General characteristics
- Class & type: LST-1-class tank landing ship
- Displacement: 4,080 long tons (4,145 t) full load ; 2,160 long tons (2,190 t) landing;
- Length: 328 ft (100 m) oa
- Beam: 50 ft (15 m)
- Draft: Full load: 8 ft 2 in (2.49 m) forward; 14 ft 1 in (4.29 m) aft; Landing at 2,160 t: 3 ft 11 in (1.19 m) forward; 9 ft 10 in (3.00 m) aft;
- Installed power: 2 × 900 hp (670 kW) Electro-Motive Diesel 12-567A diesel engines; 1,700 shp (1,300 kW);
- Propulsion: 1 × Falk main reduction gears; 2 × Propellers;
- Speed: 12 kn (22 km/h; 14 mph)
- Range: 24,000 nmi (44,000 km; 28,000 mi) at 9 kn (17 km/h; 10 mph) while displacing 3,960 long tons (4,024 t)
- Boats & landing craft carried: 2 or 6 x LCVPs
- Capacity: 2,100 tons oceangoing maximum; 350 tons main deckload;
- Troops: 16 officers, 147 enlisted men
- Complement: 13 officers, 104 enlisted men
- Armament: Varied, ultimate armament; 2 × twin 40 mm (1.57 in) Bofors guns ; 4 × single 40 mm Bofors guns; 12 × 20 mm (0.79 in) Oerlikon cannons;

= USS LST-179 =

LST-1-class landing ship tank

USS LST-179 was a in the United States Navy during World War II.

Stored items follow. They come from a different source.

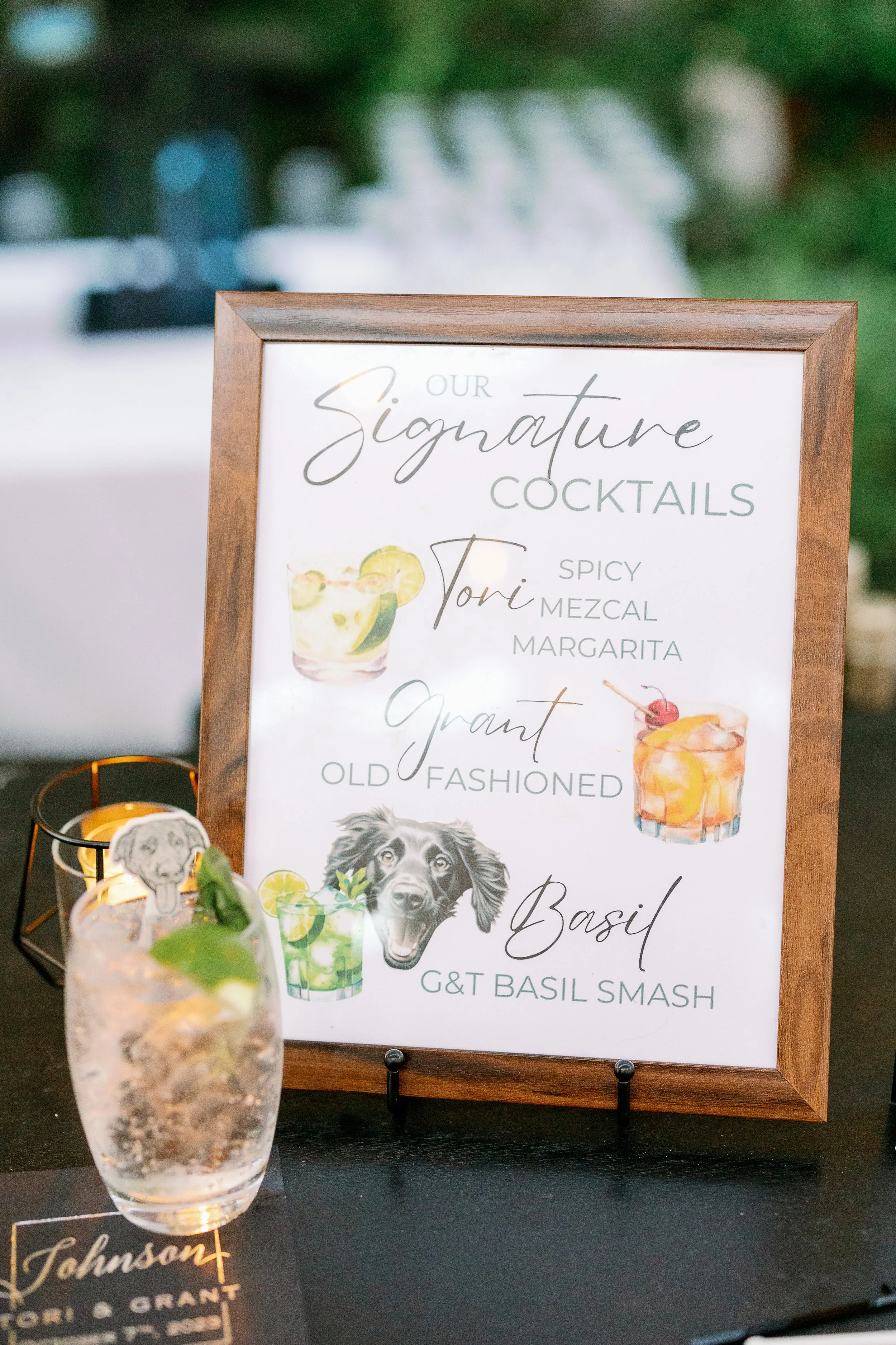 Tori + Grant Black tie wedding, Rancho Bernardo Inn, San Diego, CA. October 2023 welcome sign. wood base w/white and black acrylic. acrylic ceremony sign. bar menu w/signature cocktails. 2nd bar menu. seating chart. made from acrylic with fluted wood base.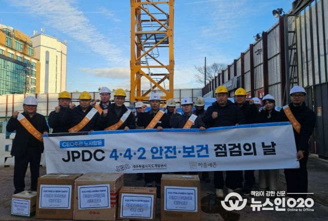(뉴스인020 = 김성길 기자) 제주특별자치도개발공사(사장 백경훈)는 지난 23일 겨울철 한파로 인한 건설현장 근로자의 안전사고를 예방하고, 안전한 작업 여건을 조성하기 위해 혹한기 한랭질환 예방활동과 CEO 주관 노사합동 4·4·2 안전점검을 실시했다.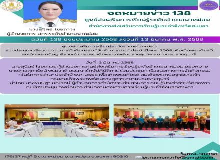วันที่ 13 มีนาคม 2568 นางชุติมา พูลเกิด ผู้อำนวยการศูนย์ส่งเสริมการเรียนรู้ระดับอำเภอบางกล่ำ มอบหมายให้ นางภัทรพร ศัทโธ ครูอาสาสมัครฯ เข้าร่วมประชุมเพื่อหารือแนวทางการจัดกิจกรรมสัปดาห์ส่งเสริมการอ่าน โดยมี นางสาวขนิษฐา มณีรัตน์ ผู้อำนวยการสำนักงานส่ง |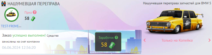 В случае успешного выполнения командного заказа, соответствующая сумма зачисляется на счёт таксопарка, игроки которого выполнили заказ.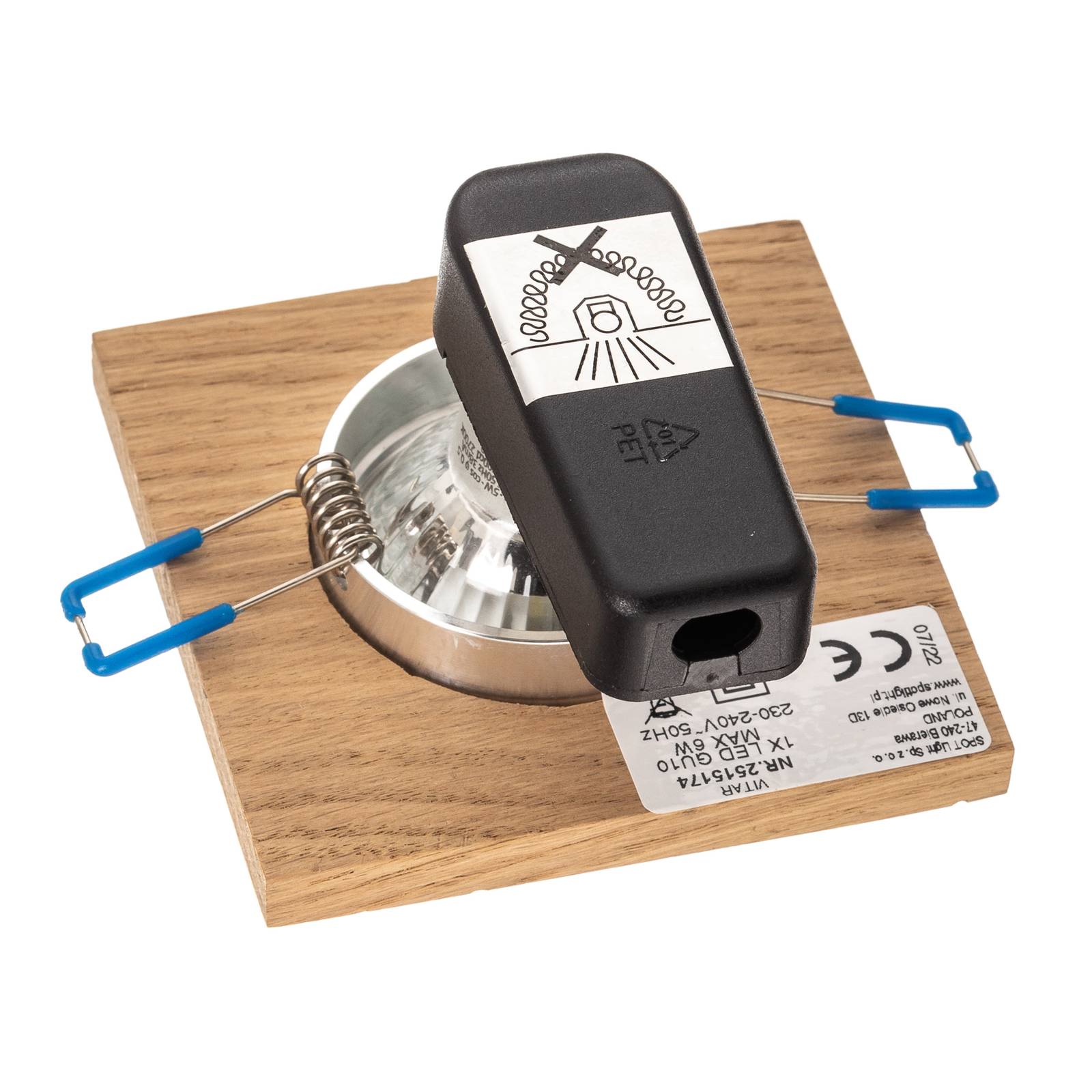 Set di tre apparecchi da incasso Vitar per soffitto L'apparecchio da incasso Vitar è un apparecchio da incasso che non solo soddisfa pienamente gli aspetti illuminotecnici, ma serve anche a scopi decorativi. Il set contiene tre plafoniere a incasso, ognuna delle quali comprende una sorgente luminosa a LED con base GU10. Grazie alla cornice decorativa in legno di quercia oliata, Vitar può essere utilizzato per creare accenti altamente estetici sul soffitto. Il faretto da incasso completa in modo ideale gli spazi abitativi come elemento naturale.

== Construction and career ==
LST-179 was laid down on 7 February 1943 at Missouri Valley Bridge and Iron Co., Evansville, Indiana. Launched on 30 May 1943 and commissioned on 3 July 1943.

During World War II, LST-179 was assigned to the Asiatic-Pacific theater. She took part in the Gilbert Islands operations from 13 November to 8 December 1943.

She was destroyed and sunk during the West Loch disaster alongside 5 other LSTs at Pearl Harbor on 21 May 1944. On that day, she was moored with LST-205, LST-225, LST-274, LST-43, LST-69, LST-353, and LST-39. No crew members were lost aboard the ship during that disaster.

LST-179 was struck from the Navy Register on 18 July 1944.

In 1945, she was raised but deemed too expensive to be repaired thus she was towed out to sea and sunk again as a target ship for torpedoes.

== Awards ==
LST-179 have earned the following awards:

- American Campaign Medal
- Asiatic-Pacific Campaign Medal (1 battle star)
- World War II Victory Medal

== Sources ==
- United States. Dept. of the Treasury (1962). "Treasury Decisions Under the Customs, Internal Revenue, Industrial Alcohol, Narcotic and Other Laws, Volume 97"
- Moore, Capt. John (1984). "Jane's Fighting Ships 1984-85"
- Saunders, Stephen (2009). "Jane's Fighting Ships 2009-2010"
- "Fairplay International Shipping Journal Volume 222" (1967)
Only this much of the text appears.